Repeat every record exactly, omitting the pictures.
□ □ □ □
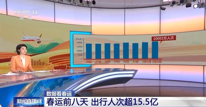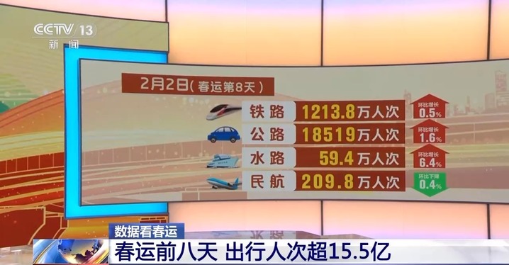 2024年综合运输春运工作专班数据显示,春运前8天,超15.5亿人次出行。
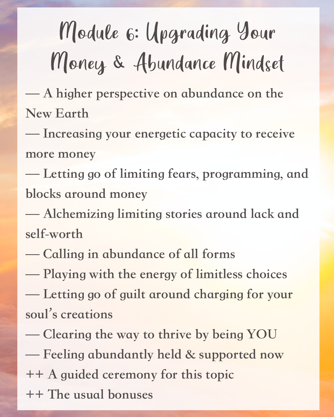 — A pre-recorded guided ceremony tailored to the module topic, to help shift fears/blocks, clear your energy, open you up to receiving clarity and guidance, and call in your highest timeline
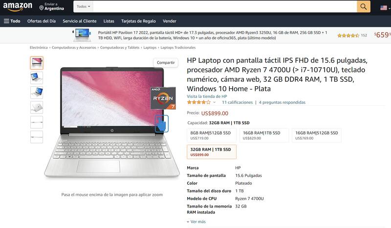 Según se puede ver en sus especificaciones, es un portátil con un procesador AMD Ryzen 7 4700U, una pantalla táctil de 15,6 pulgadas, 32 GB de RAM y 1 TB de disco sólido SSD el cuál se puede comprar por Amazon a un precio de u$s 900.
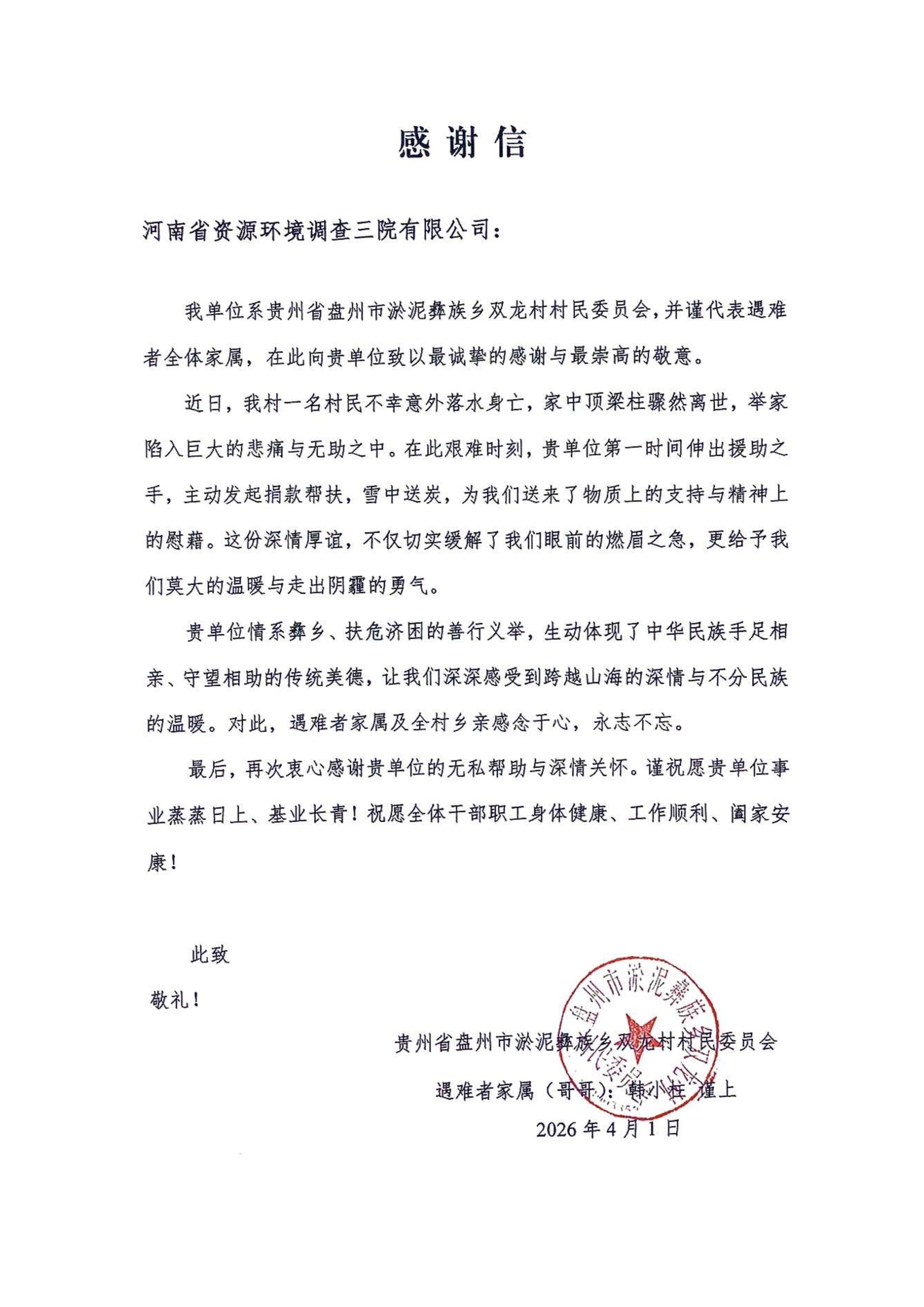 近日,我公司矿山综治工程分公司收到贵州省盘州市淤泥彝族乡双龙村村民委员会发来的感谢信。信中对分公司在该村一村民意外身亡后主动发起捐款、雪中送炭的善举表示诚挚感谢。
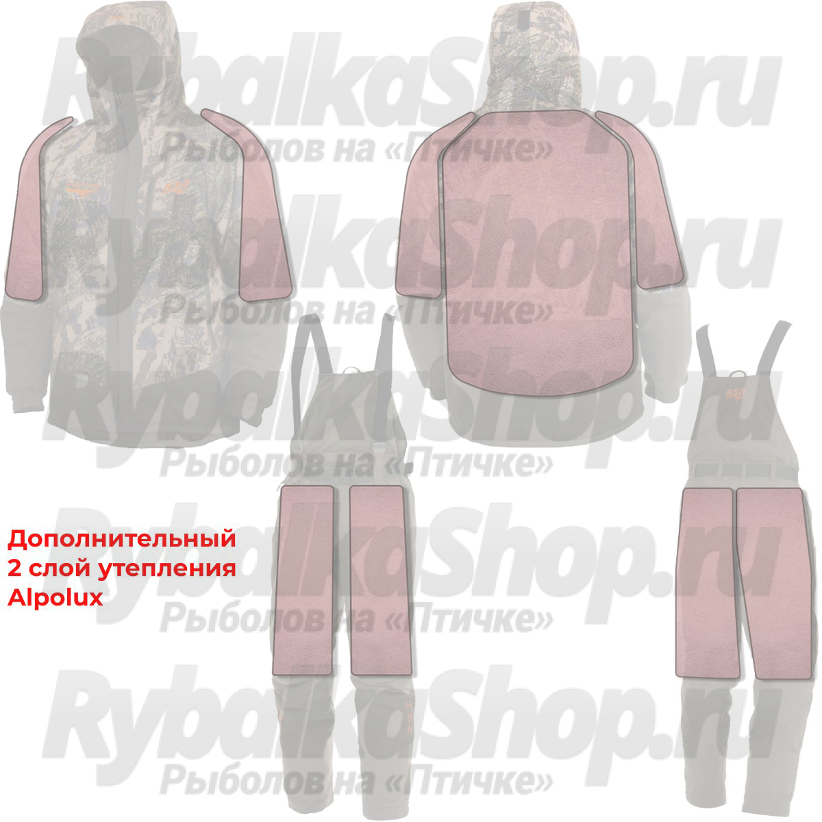 Утеплитель костюма Альполюкс (Alpolux) - этот утеплитель разработан в Австрии, состоит из полиэфирных микроволокон и натуральной шерсти мериноса. Шерсть мериноса повышает качества теплоизоляции, прочности, придаёт лечебные свойства и делает его оригинальным. Альполюкс (Alpolux) - каландрированный утеплитель, что придаёт ему прочность, способность лучше удерживать тепло и препятствует миграции волокон сквозь ткань.
□ □ □ □
_Solution to this task:_
 2024年综合运输春运工作专班数据显示,春运前8天,超15.5亿人次出行。
 — A pre-recorded guided ceremony tailored to the module topic, to help shift fears/blocks, clear your energy, open you up to receiving clarity and guidance, and call in your highest timeline
 Según se puede ver en sus especificaciones, es un portátil con un procesador AMD Ryzen 7 4700U, una pantalla táctil de 15,6 pulgadas, 32 GB de RAM y 1 TB de disco sólido SSD el cuál se puede comprar por Amazon a un precio de u$s 900.
 近日,我公司矿山综治工程分公司收到贵州省盘州市淤泥彝族乡双龙村村民委员会发来的感谢信。信中对分公司在该村一村民意外身亡后主动发起捐款、雪中送炭的善举表示诚挚感谢。
 Утеплитель костюма Альполюкс (Alpolux) - этот утеплитель разработан в Австрии, состоит из полиэфирных микроволокон и натуральной шерсти мериноса. Шерсть мериноса повышает качества теплоизоляции, прочности, придаёт лечебные свойства и делает его оригинальным. Альполюкс (Alpolux) - каландрированный утеплитель, что придаёт ему прочность, способность лучше удерживать тепло и препятствует миграции волокон сквозь ткань.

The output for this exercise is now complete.